The investing public has distanced itself from the stock market from United Parcel Service (UPS) after the publication of its report for the second quarter of 2024, where it revealed falls in its different financial lines and weak year-end expectations.
Since last Tuesday and until midday this Thursday, its shares had decreased by 11% , to reach a value of 128.95 dollars, against the 145 dollars that it previously registered on average.
UPS reported Tuesday that its revenue from April to June of this year totaled $21.8 billion, a 1.7% drop from $22.18 billion in the same period last year.
Likewise, its operating profit fell 30.1%, going from $2,780 million to $1,944 million. Meanwhile, net profit was $1,409 million , 32% less according to the comparison periods.
While diluted earnings per share were $1.65 for the quarter, adjusted diluted earnings per share of $1.79 were 29.5% below the same period in 2023.

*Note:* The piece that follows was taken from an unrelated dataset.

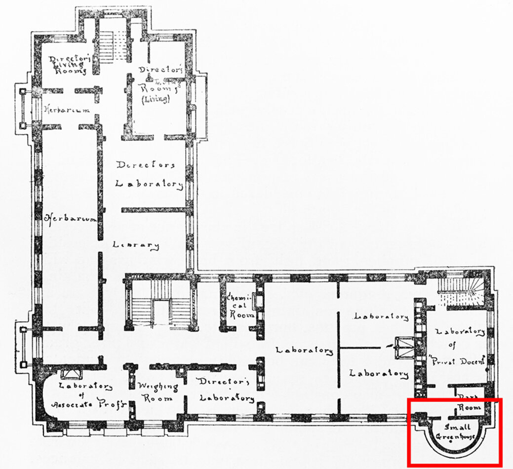 Enfin, un petit jardin destiné aux cultures expérimentales est aménagé à l’extérieur, entre les deux ailes de l’Institut.
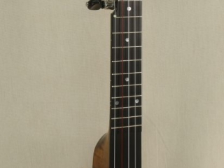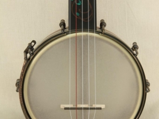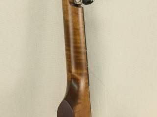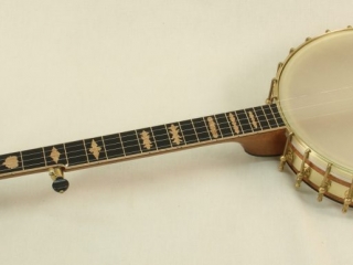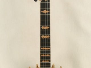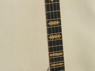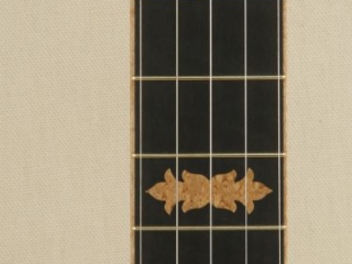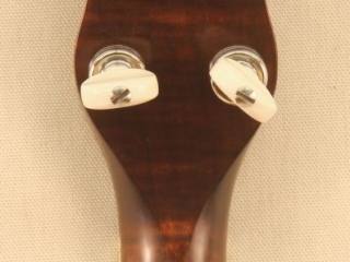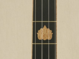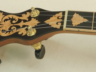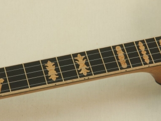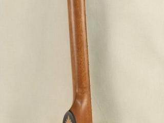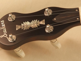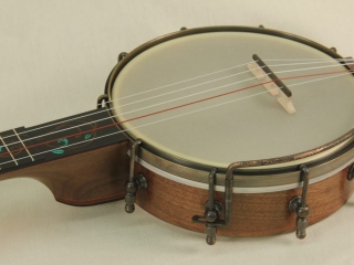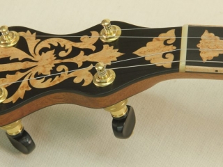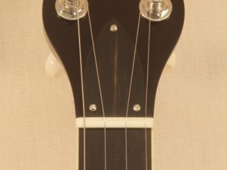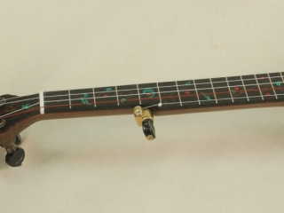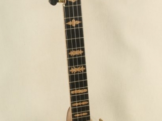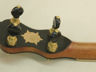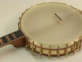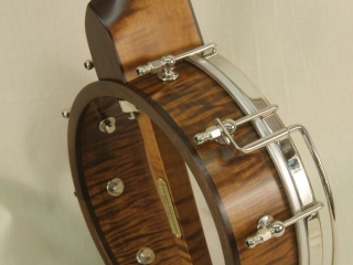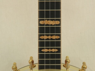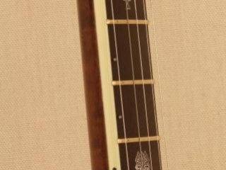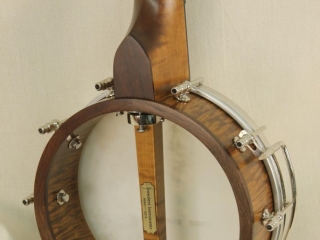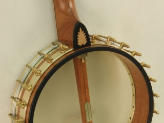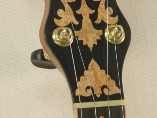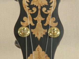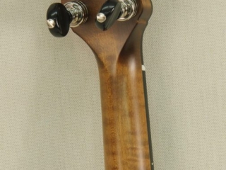 An elegant but simply adorned Curly Maple piccolo banjo. Stained with a golden brown finish with hand engraved Mother of Pearl inlays.

“This quarter was a significant turning point for our company as we returned to volume growth in the United States, the first time in nine quarters. As expected, our operating profit decreased in the first half of 2024 from what we reported last year. Looking ahead, we expect to return to operating profit growth,” said UPS CEO Carol Tomé.
Under this scenario, the company forecasts that its revenues in 2024 will be $93 billion, versus the $94.5 billion previously expected, while capital expenditures will be $4 billion.
Likewise, it restarted the share buyback program for $1 billion annually, $500 million in 2024.
It is worth remembering that on July 22, UPS announced the acquisition of the Mexican Estafeta, a key piece of the American company’s “Better and Bolder” strategy, whose objective is to become the most important international logistics and small package provider in the world.